The Hormuz Stress Test

The crisis highlighted enduring vulnerabilities — especially for LPG — but the layered strategy performed. Diversification and buffers prevented collapse, Chabahar enabled limited Iranian cargoes, community biogas offered insulation in select villages, and the innovation pipeline points to longer-term substitution. The episode underscored that energy security now spans tankers, diplomacy, decentralised solutions, and patent-protected domestic technologies.

Mandate or Vision? A Clear-Eyed Juxtaposition

A “mandate PM” must diversify suppliers, maintain reserves, expand renewables incrementally, keep nuclear programmes alive, support rural fuel needs, and nurture basic innovation — because India’s 85% oil import dependence and 1.4 billion population leave no alternative. Earlier governments fulfilled versions of this mandate.

Modi’s record shows distinctive features that tilt toward visionary execution: unprecedented scale and speed in renewables; integration across domains (renewables to hydrogen, nuclear to thorium, infrastructure hedging to INSTC/Chabahar, decentralised biogas to patent-enabled innovation); explicit political ownership of milestones; and a pre-crisis emphasis on resilience that proved prescient.
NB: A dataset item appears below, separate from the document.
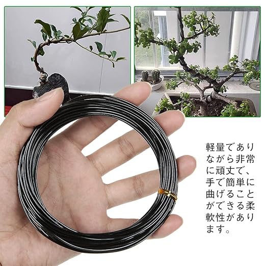 ▷素材:この盆栽線は延性に優れたアルミニウム材料を採用しており、光熱、湿気などの天候下でも腐食摩耗しにくいため、優れた耐久性を持っている。

The funding bottleneck that once haunted Indian science is being confronted more structurally than before, even if gaps in commercialisation and quality persist.

Verdict for Gen Z: You scroll this on 5G while your EV charges in the garage and never queued for ration cards, endured 12-hour blackouts, or hunted for change at the kirana store. That’s exactly why “it’s just the mandate” feels true to you. But the real shift wasn’t keeping the lights on — it was building a system that could weather a Hormuz storm without flickering. Modi didn’t just fulfil the job description; he rewrote the blueprint.

Verdict: Visionary leader, not mandate PM.

A Legacy Still in Progress

India’s energy path is evolutionary acceleration rather than rupture. Predecessors laid essential foundations; the Modi period supplied political capital, integration, and velocity — including steps to ease the innovation-funding impasse. The Hormuz crisis — costly yet survivable — illustrates the payoff of this layered approach.

Energy security is too vital for partisan accounting. Any future government will inherit the same imperatives. The test is whether momentum in renewables, thorium-bridge delivery, hedging corridors, decentralised solutions, and a patent-driven innovation ecosystem endures. For now, the record shows a strategy that has shifted India from largely reactive management toward proactive, multi-layered resilience. The coming years will determine how fully that shift becomes structural independence.